문구 중 특정 단어, 문구를 강조하는 표기법도 있습니다. Attention/emphasis라고 하빈다. 이 표기법은 중요 단어를 강조하고 뒤에 있는 문구에 있더라도 우선순위를 높일 수 있습니다.

text

(문구) : 1.1배 강조
((문구)) : 1.1 x 1.1 = 1.2배 강조
[문구] : 1.1배 억제
(문구:1.5) : 1.5배 강조
(문구:0.25) : 0.25배 강조
\(문구\) : 이스케이프(프롬포트로 이용 가능)

단어의 강도, 문구 순서에 따른 우선순위, 강조에 따른 가중치가 프롬포트의 핵심입니다. cat 이라는 단어가 있는 경우 고양이가 만들어지면 강조가 잘 된 경우입니다. 하지만 원하지 않는 그림이 나온 경우 강조가 잘 되지 않은 것입니다. 이 경우 다른 문구로 변경하거나 학습 모델을 변경해야합니다.

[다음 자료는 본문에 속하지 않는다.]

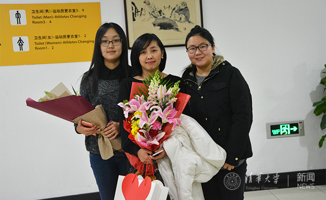 薛健获得清韵烛光-我最喜爱的教师奖时,同学们给她献花。

이미지를 생성하는 도중 문구의 내용을 단계별로도 전환할 수 있습니다. 이를 Prompt Editing이라고 합니다. 이 방법은 Sampling steps를 이용합니다. 소수가 들어가면 비율을 나타내며 정수인 경우 노이즈를 걷어내는 스텝 수가 됩니다.

text

[프롬포트A:프롬포트B:스텝] : 스텝 수까지 프롬포트 A, 이후에는 프롬포트 B를 활성화
[프롬포트A::스텝] : 스텝 수까지 프롬포트 A
[프롬프트B:스텝] : 스텝 수까지 없고, 이후 프롬포트 B 활성화

text

<!-- Prompt -->
handsome [boy:tiger:0.1] face, extremely detailed portrait,

Negative prompt

프롬포트로 이미지를 생성하는 경우 Negative prompt 에는 이미지에서 걷어내고 싶은 문구를 작성합니다.

기본적으로 Positive prompt 에는 그리는 대상, 화질 향상, 화풍과 화가, 시점과 빛, 디테일 조작 등의 문구가 들어갑니다.

Negative prompt에는 저화질 제외, 화면에 글씨 제외 등을 입력합니다.

text

<!-- Negative Prompt -->
error, text, extra digit, worst quality, low quality, long neck

이미지의 대상

인간, 고양이 등 무엇을 그리고 싶은지를 대상으로 봅니다. 이 대상의 경우 학습 모델에 영향을 받습니다. 이미지가 마음에 들지 않는다면 문구를 추가해줘도 됩니다. guy -> handsome guy등과 말이죠. 그리고 시드는 고정으로하여 생성합니다.

text

<!-- Prompt -->
guy portrait

text

<!-- Prompt -->
handsome detailing one guy portrait

화질 향상시키기

학습 모델은 이미지와 단어의 조합에 따른 벡터를 가집니다. 또한 원본 모델은 웹의 이미지로 학습됩니다. 때문에 특정 웹사이트, 고화질의 이미지에 자주 붙는 태그를 붙이면 화질이 향상됩니다.

text

artstation, deviantart, trending artstation, pixiv ranking 1st

text

<!-- Prompt -->
handsome guy selfie

text

<!-- Prompt -->
handsome guy selfie, deviantart

작가의 화풍

작가의 화풍을 위해 문단에 작가명을 작성하는것은 법의 논란의 여지가 있습니다. style of Vincent van Gogh와 같은 문구를 추가하는게 예시입니다.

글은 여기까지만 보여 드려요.